Content starts

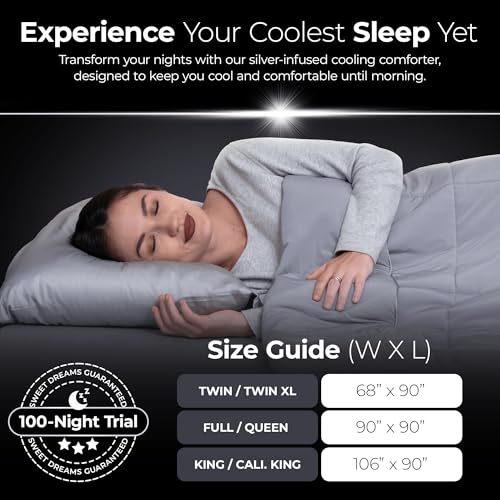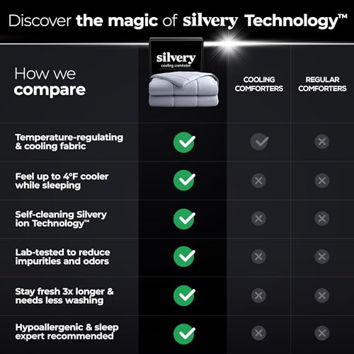 #1 SLEEP EXPERT-RECOMMENDED COMFORTER: Discover breakthrough comfort with the Silvery Cooling Comforter, featuring NASA-inspired silver-ion Silvery Technology. Perfect for hot sleepers, this comforter provides advanced temperature regulation and self-cleaning performance to keep you cool, fresh, and comfortable all night long.
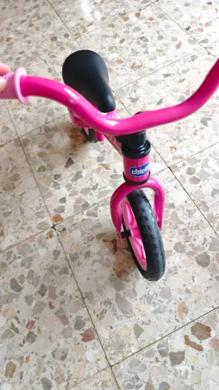 Bicicleta de aprendizaje sin pedales de la marca Chicco.Esta con dos usos. Tiene un rallazo en el manillar de esta guardada. - Color rosa vibrante. - Diseño Pink Arrow.
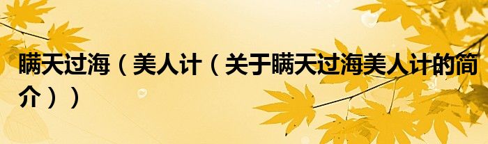 大家好,瞞天過海 美人計,關于瞞天過海 美人計的簡介很多人還不知道,現在讓我們一起來看看吧!
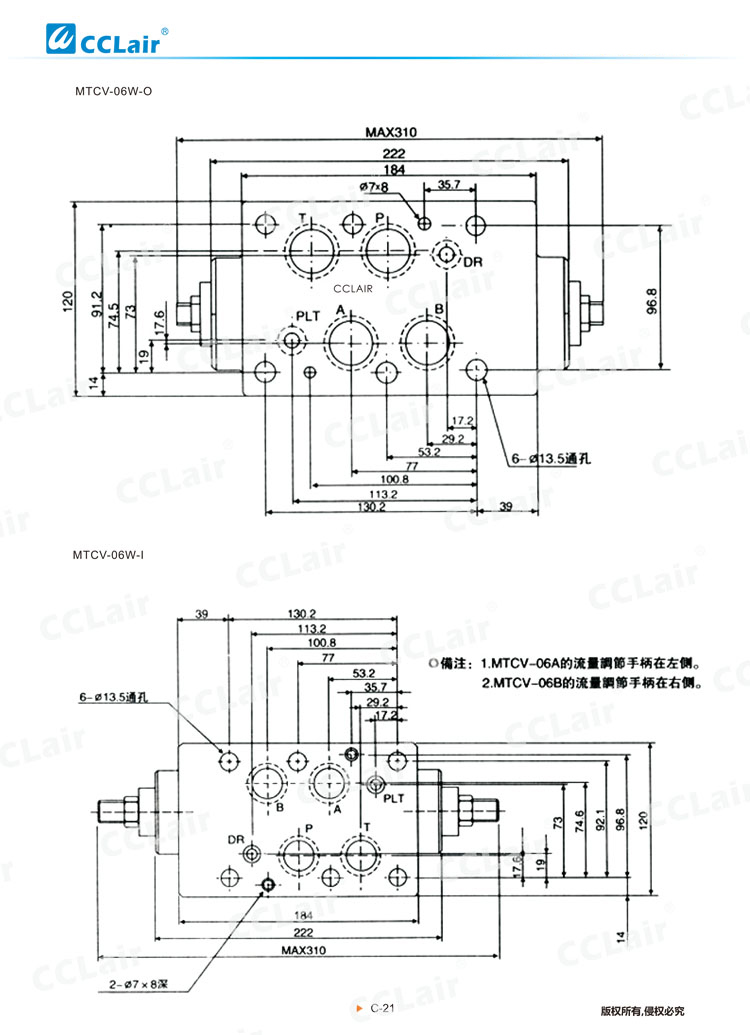 疊加式單向節(jié)流閥MTC-02A,MTC-03A,MTC-04A,MTC-06A,MTC-02B,MTC-03B,MTC-04B,MTC-06B,MTC-02W,MTC-03W,MTC-04W,MTC-06W,
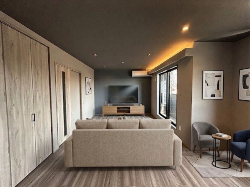 ・間接照明やダウンライト、クロスも落ち着いたおしゃれな雰囲気に統一
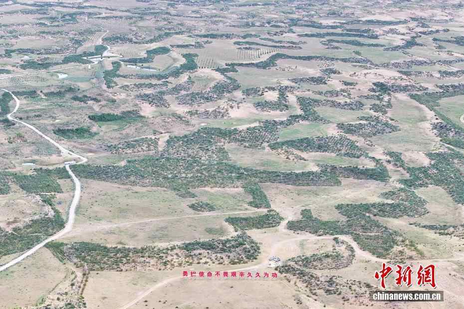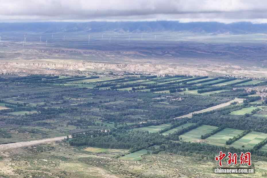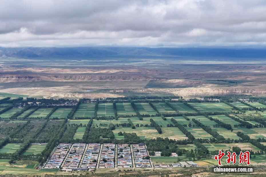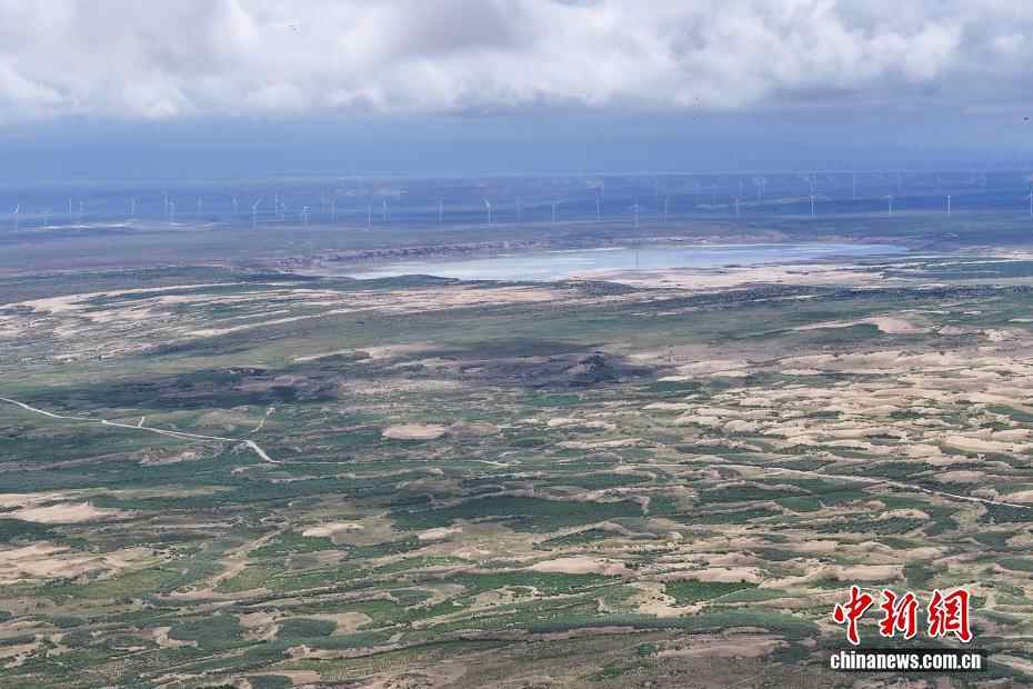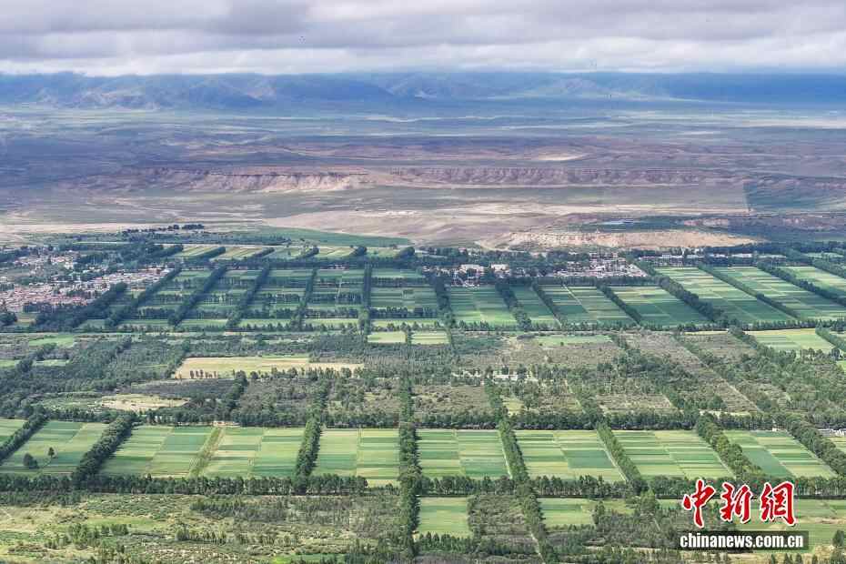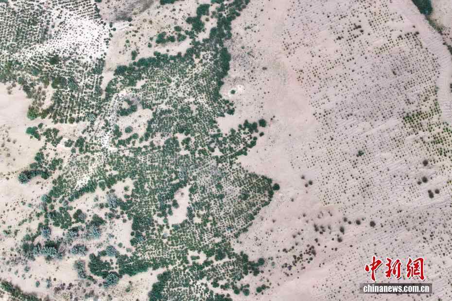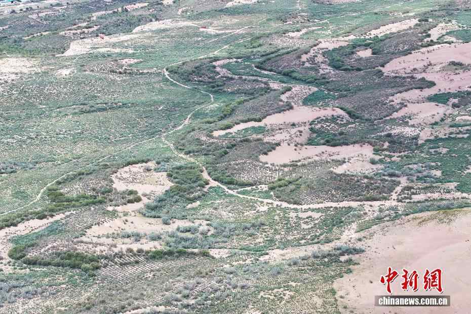 8月5日,航拍位于青海省海南藏族自治州共和县沙珠玉乡治沙现场。此处属青海省“三北”工程六期,通过“三北”工程40多年来的治理,让当地从“沙进人退”到“人进沙绿”,使得沙珠玉乡成为中国高寒干旱沙区治沙防沙示范样板。(无人机照片)

Content ends

* **What the task asks**
With the line containing "疊加式單向節(jié)流閥M" as the first line and the last line of the listing as the final one, reproduce that span exactly, without pictures.

* **Answer box**
 疊加式單向節(jié)流閥MTC-02A,MTC-03A,MTC-04A,MTC-06A,MTC-02B,MTC-03B,MTC-04B,MTC-06B,MTC-02W,MTC-03W,MTC-04W,MTC-06W,
 ・間接照明やダウンライト、クロスも落ち着いたおしゃれな雰囲気に統一
 8月5日,航拍位于青海省海南藏族自治州共和县沙珠玉乡治沙现场。此处属青海省“三北”工程六期,通过“三北”工程40多年来的治理,让当地从“沙进人退”到“人进沙绿”,使得沙珠玉乡成为中国高寒干旱沙区治沙防沙示范样板。(无人机照片)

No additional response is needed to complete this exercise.